Feature target correlation seasonality

Hello everyone,

Recently I discovered the seasonal_decompose function of the statsmodel package and played a little bit around with it on the numerai data.

What I first did is to calculate for every feature the target correlation in every era. For a given feature, you can then use the seasonal decompose to seperate the time series data into a trend, a seasonal, and a residual noise part, to generate plots like these:

This is just an example for a random picked feature for a a priori period of 52 weeks (1 year).

Obviously, because the period is always set a priori, you will always get a seasonal component with said period.

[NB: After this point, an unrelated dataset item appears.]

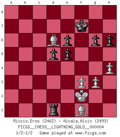Last move : 1/2-1/2 2016 January 28 22:29:55 [Event "FICGS__CHESS__LIGHTNING_GOLD__000004"] [Site "FICGS"] [Date "2016.01.28"] [Round "1"] [White "Riccio,Eros"] [Black "Alcala,Alvin"] [Result "1/2-1/2"] [WhiteElo "2462"] [BlackElo "2493"] 1.e4 c5 2.d4 cxd4 3.c3 dxc3 4.Nxc3 Nc6 5.Nf3 e6 6.Bc4 a6 7.O-O b5 8.Bd3 Bb7 9.Bf4 d6 10.Rc1 Be7 11.Nxb5 e5 12.Be3 axb5 13.Bxb5 Qd7 14.Qc2 Rc8 15.Rfd1 Qc7 16.Qa4 Bf6 17.Bd2 Kf8 18.Bb4 Be7 19.Rxc6 Bxc6 20.Rc1 g6 21.Bxc6 Kg7 22.h3 Qb8 23.Ba3 Bf8 24.b4 Ne7 25.Bb5 Qa8 26.Qb3 Qxe4 27.Bf1 Qf5 28.b5 Qe6 29.Qb2 Rxc1 30.Qxc1 Nc8 31.Qc6 Qxa2 32.Bc1 Be7 33.b6 Nxb6 34.Qxb6 Rc8 35.Bd2 Qd5 36.Qe3 Kg8 37.h4 Bf6 38.Ng5 Rc2 39.Bb4 Rb2 40.Ba3 Bxg5 41.Qxg5 Rd2 42.Kh2 h6 43.Qd8+ Kh7 44.Qf6 Qe6 45.Qxe6 fxe6 46.f3 Kg7 47.Kg1 Kf7 48.g3 Rd1 49.Kf2 d5 50.Bd6 1/2-1/2 Sicilian : Smith-Morra gambit Kingside Castling by player White (move 7) This chess game ended in a draw. Follow this game move after move (download)The mistakes are there, waiting to be made. (Savielly Tartakower) Wer der Ansicht ist, daß alle Schachspieler verrückt sind, wird durch Studium des Lebens von Emil Josef Diemer nicht auf andere Gedanken kommen. (Hans Ree) El Ajedrez tiene tanto misterio como las mujeres. (Purdy) Les échecs, c'est l'art d'analyser. (Mikhail Botvinnik) Chess is as much a mystery as women. (Purdy)

So what I did next is to try to get a feeling of what periods might actually be “real” is to calculate the standard deviation of the seasonal part, and the standard deviation of the residual part, and calculate their ratio, to get a “signal/noise” ratio (ignoring the trend part for now), and do this for a range of periods from 4 weeks to 60 weeks, and also for every feature. Basically some sort of Fourier Transformation.

This is the result:

The red horizontal lines within the boxes represent the median of the signal /noise ratio over all features for the specific assumed a priori period. As you can see there are peaks for the periods 13,26,39,52 weeks. Please also note the scale of the y Axis, indicating remarkably low signal to noise ratios.

It seems that most of the features have a quarterly seasonal pattern.